Les rêves brûlent dans «La Cheminée»
Création au Théâtre de Vidy-Lausanne d'une pièce de l'écrivain bulgare Margarit Minkov sur l'abus de pouvoir. Décevant.
Les fenêtres n’ont parfois pas de volets; elles s’ouvrent sur des horizons plus larges que ceux de la réalité. Ce sont les fenêtres de nos têtes. Il y en a une comme ça dans «La Cheminée», pièce de l’écrivain bulgare Margarit Minkov (mort en 1997) que la Française Véronique Bellegarde crée au Théâtre de Vidy-Lausanne.
Sur scène, une femme vient très souvent se mettre face à cette fenêtre. Elle s’appelle Iris (Catherine Matisse). Elle rêve, ou plutôt se bat avec son passé. Son mari, Henri (Jean-Quentin Châtelain), le lui reproche: «Tu passes ta vie devant la fenêtre; à un moment donné tu ne tiens plus et eux, ils n’attendent que cela».
Eux, ce sont les gens du gouvernement. Nous sommes en Bulgarie. La chute du mur de Berlin vient d’avoir lieu et avec elle le bloc de l’Est s’écroule.
Une pièce datée
Ecrite à cette époque-là, «La Cheminée» porte les traces de cet écroulement. Elle en est la figure parabolique, ce qui lui donne aujourd’hui un côté poussiéreux, daté. De quoi se demander s’il était vraiment nécessaire de monter en 2002 une pièce qui condamne la dictature communiste, quand on sait qu’un autoritarisme d’un nouvel ordre s’est installé avec les Etats-Unis et leur abus de pouvoir.

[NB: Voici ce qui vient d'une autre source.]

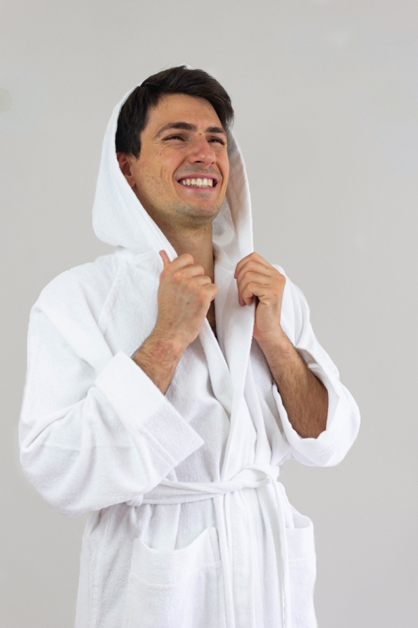 Scopri il comfort senza pari dell'accappatoio in spugna 100% puro cotone, perfetto per ogni occasione. Con una grammatura di 350 gsm, il nostro accappatoio è incredibilmente morbido e super assorbente, garantendo una sensazione di lusso ogni volta che lo indossi. Dotato di un ampio cappuccio, due tasche laterali e una cintura con passanti, è pratico e funzionale.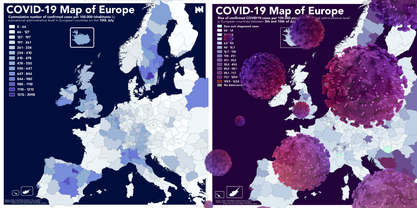 Toch nog behoefte aan een beetje goed nieuws? Nederland behoorde vorige week tot de landen met relatief gezien de minste nieuwe corona-diagnoses. In Drenthe werd zelfs helemaal geen nieuwe besmettingen gemeld. Iets wat zelfs op Europees niveau behoorlijk uitzonderlijk is. De groene kleur van Flevoland is te 'danken' aan een correctie in de cijfers van de GGD. Hierdoor daalde het officiële aantal Covid-19-patiënten in de jongste provincie van het land van 989 naar 983.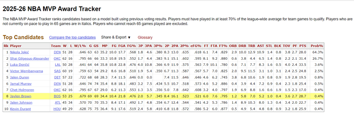 本赛季布朗场均34.5分钟,拿到28.8分7篮板5.2助攻1抢断0.4盖帽,他帮助绿凯屹立东部第二,他在MVP榜单上排在第八的位置,本赛季有多位球星无缘65场规则无法评奖,布朗入选最佳一阵看上去已经板上钉钉。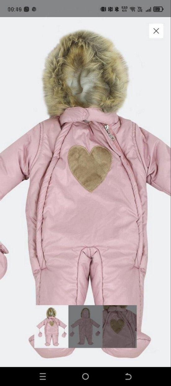 Pastel pembe renkte, kürklü kapüşon ve kesik yaka detayı bulunan bebek tulumu. Önünde kalp desenli, yumuşak ve sıcak kumaştan üretilmiştir. ❄️6-9 ay 74 cm bebekler için uygundur ürün kullanılmamıştır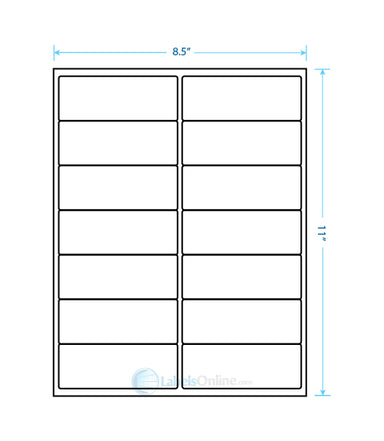 Sheet Size: 8 1/2" x 11" Label Shape: Square Corners Label Size: 4.1875" x 1.5" Labels/Sheet: 14 Perforation: No Perf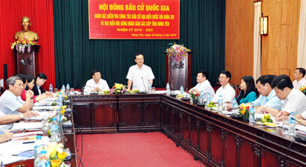 Tại buổi làm việc, đoàn đã nghe đại diện Ủy ban Bầu cử tỉnh báo cáo tình hình triển khai công tác bầu cử đại biểu Quốc hội khóa XIV và đại biểu HĐND các cấp nhiệm kỳ 2016 – 2021 tỉnh Hưng Yên.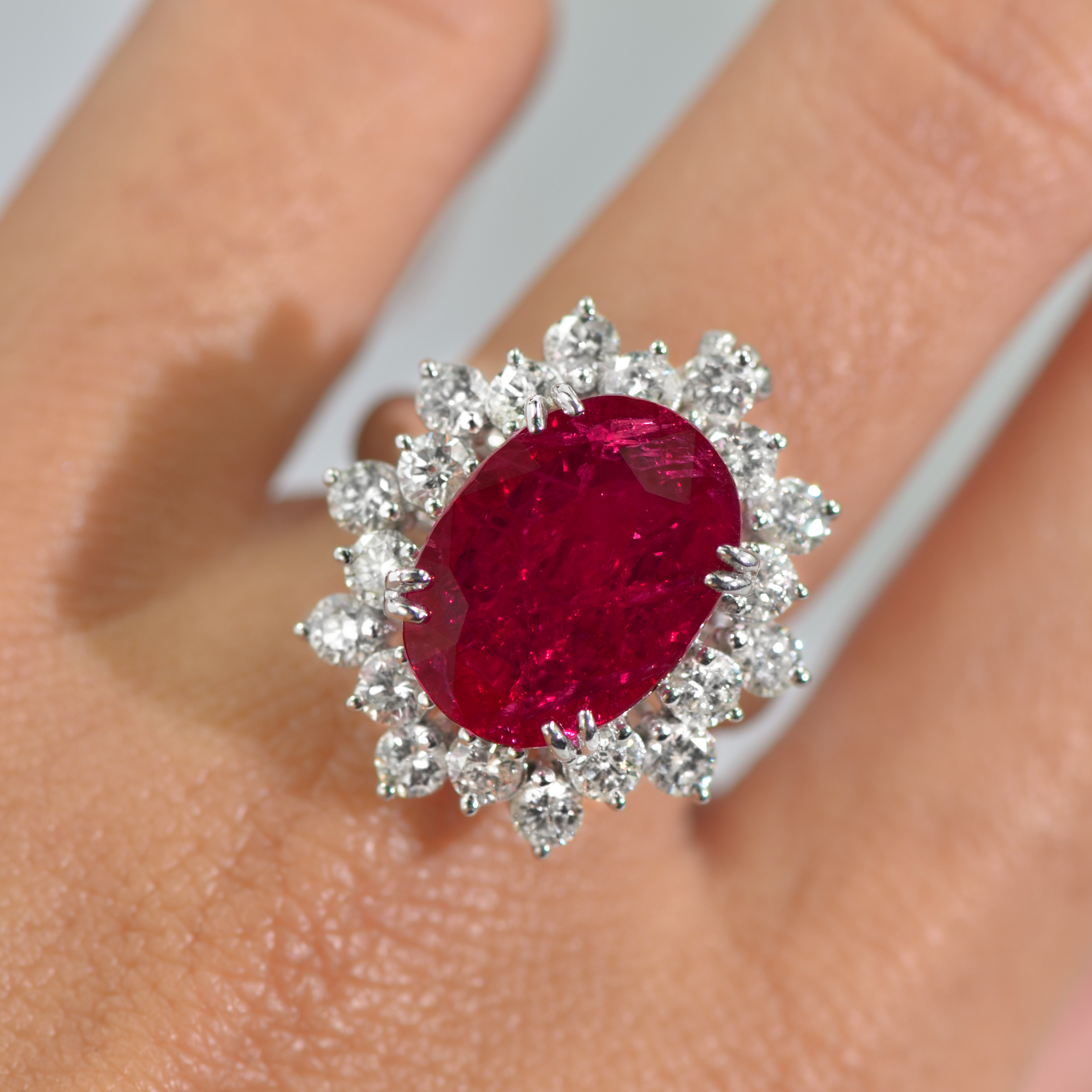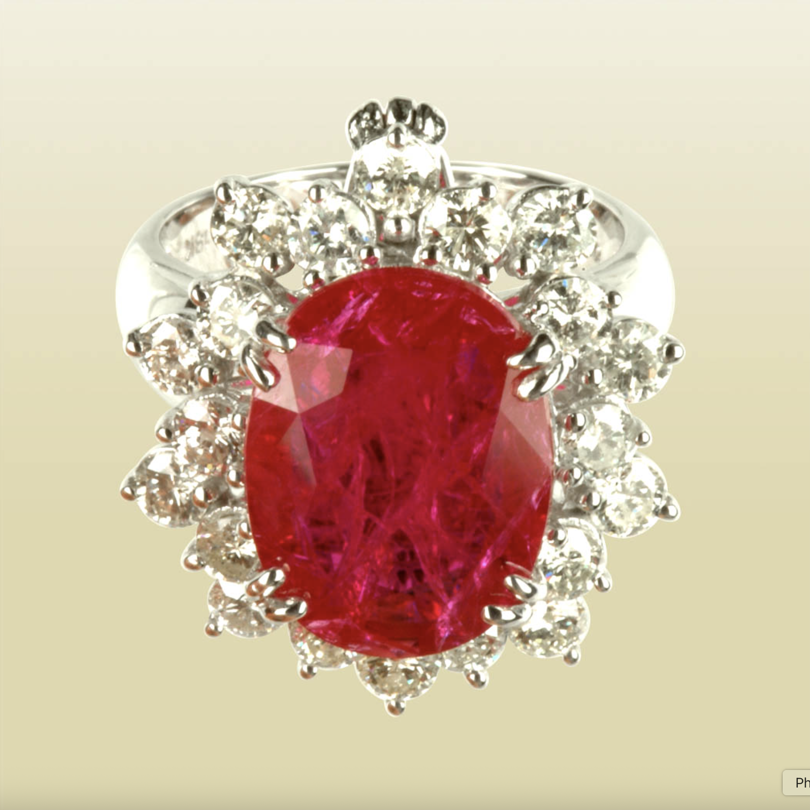 本产品是由18K白金镶嵌天然红宝石和天然钻石制成的红宝石钻石戒指, 并配有萱蒲珠宝出具的品质 保证单。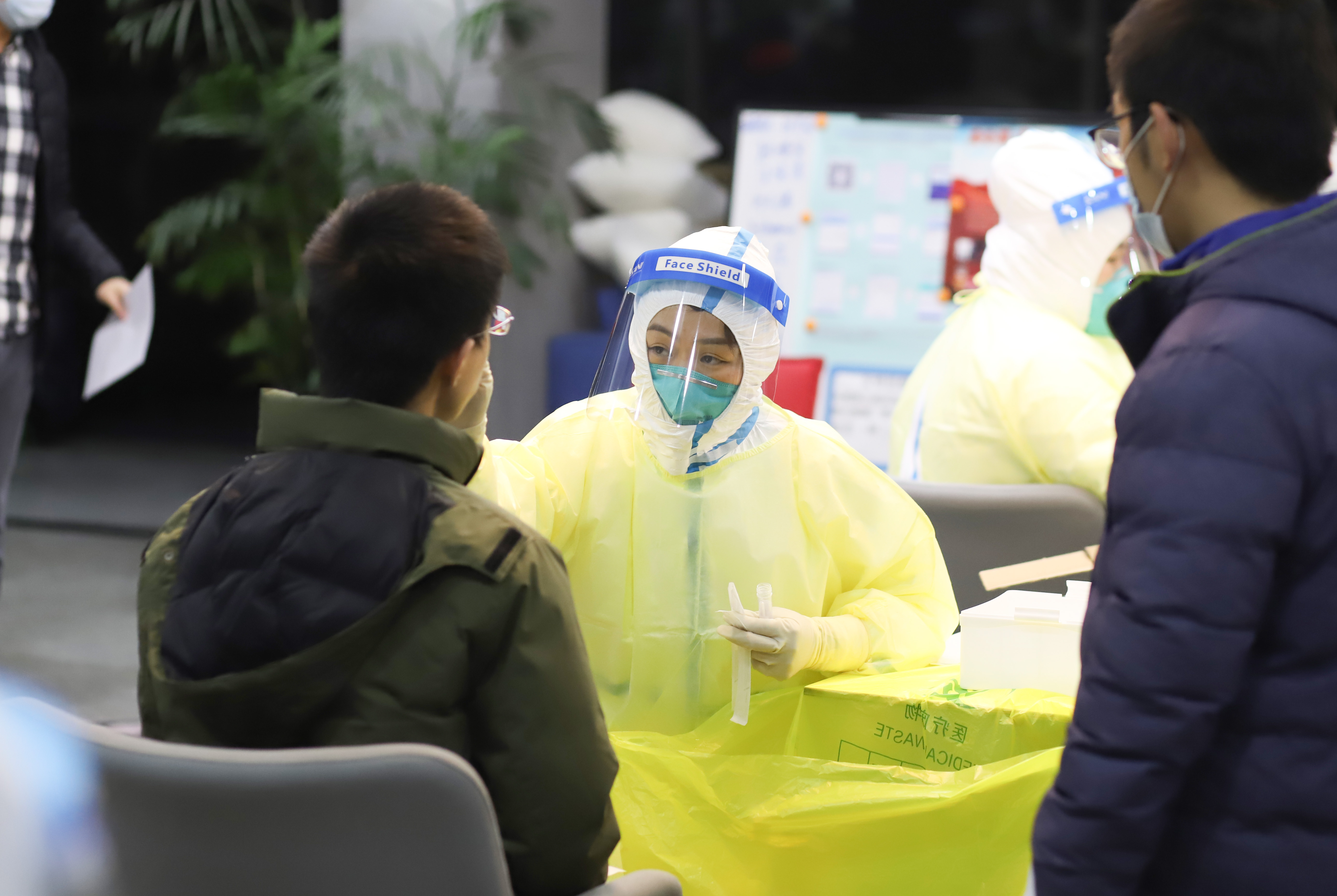 第五宿舍一楼医护人员正在进行核酸检测工作
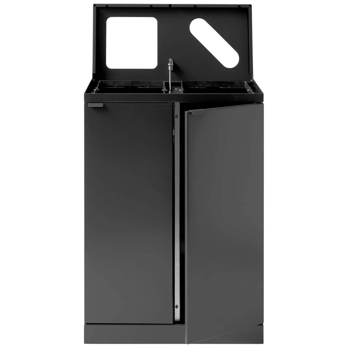 Bica Affaldssorteringssystem 2x65 Liter - 2 moduler affaldssorteringsspande i ét kildesorteringsmøbel Carbi model 888 med formet indkast + låg til papir og almindeligt skrald.

Le pouvoir est précisément ce que craignent Henri et Iris enfermés dans leur appartement, avec pour seule ouverture vers l’extérieur une cheminée percée d’un trou. Mais cette sortie de secours, ils ne la découvriront qu’à la fin. En attendant, ils redoutent l’arrivée d’inquisiteurs censés arrêter le mari.
Au fur et à mesure que le spectacle avance, la phobie du couple s’amplifie. Mais là où l’on s’attend à un jeu nuancé qui pénètre subtilement la folie intérieure des personnages, on découvre une interprétation exubérante qui épouse par moments un ton boulevardier.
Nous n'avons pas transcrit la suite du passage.